Start of Source material

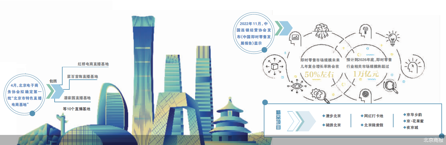值得关注的是,北京鼓励企业积极开展网络促销、直播带货主题活动,推动建立一批直播电商总部与结算中心。今年4月,北京电子商务协会公布了关于2023年度第一批“北京市特色直播电商基地”名单公示的公告,经企业自愿申报,协会组织评定,拟确定第一批“北京市特色直播电商基地”,包括红桥电商直播基地、菜百首饰直播基地、潘家园直播基地等10个直播基地。
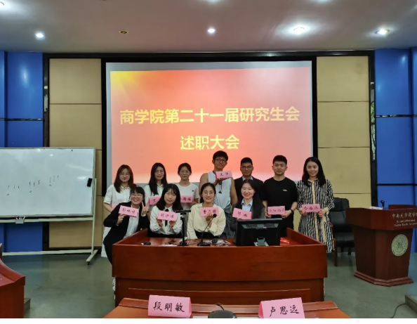 随后,与会各部长按:办公室戚尹姝、活动部陆笑笑、创新创业部曹梦园、心理部彭姝婷、学术部欧阳润泽、权益生活部丁漫、文体部王泽、宣传部胡伊诺的顺序进行述职。各部门部长分别从各自部门的角度,将近一年来部门分管的工作、参与的活动、工作的成果进行梳理展示,总结工作经验、找出工作不足,并提出未来工作规划。展示了包括研会成员的学习绩点、政治面貌在内的各项情况以及部门所取得的成绩;总结了研会工作成功推进的经验,也提到了在工作中可能存在的办事效率不高、创新力度不强等问题。
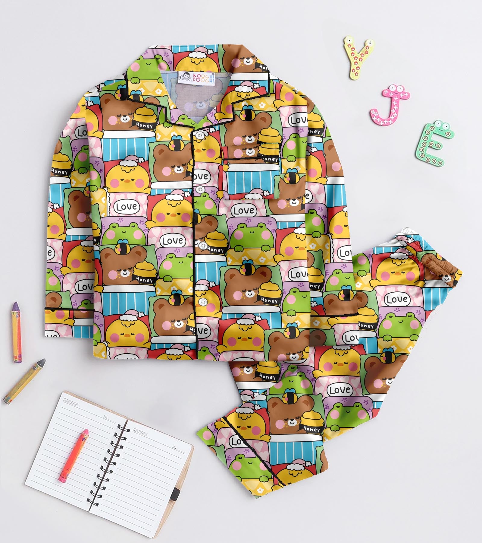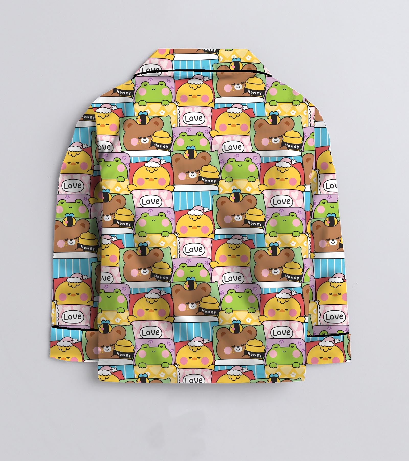 PRINT & DESIGN: This design exudes playful charm. The full sleeve shirt and full-length printed Pyjama ensure ultimate comfort, while the button-up front and soft elastic bottom with contrast cording add a touch of elegance. Perfect for cozy nights and sweet dreams!

End of Source material

All that the answer may contain is the exact text of the lines from the one with "随后,与会各部长按:办公室戚" through the last line of the material, pictures excluded.

 随后,与会各部长按:办公室戚尹姝、活动部陆笑笑、创新创业部曹梦园、心理部彭姝婷、学术部欧阳润泽、权益生活部丁漫、文体部王泽、宣传部胡伊诺的顺序进行述职。各部门部长分别从各自部门的角度,将近一年来部门分管的工作、参与的活动、工作的成果进行梳理展示,总结工作经验、找出工作不足,并提出未来工作规划。展示了包括研会成员的学习绩点、政治面貌在内的各项情况以及部门所取得的成绩;总结了研会工作成功推进的经验,也提到了在工作中可能存在的办事效率不高、创新力度不强等问题。
 PRINT & DESIGN: This design exudes playful charm. The full sleeve shirt and full-length printed Pyjama ensure ultimate comfort, while the button-up front and soft elastic bottom with contrast cording add a touch of elegance. Perfect for cozy nights and sweet dreams!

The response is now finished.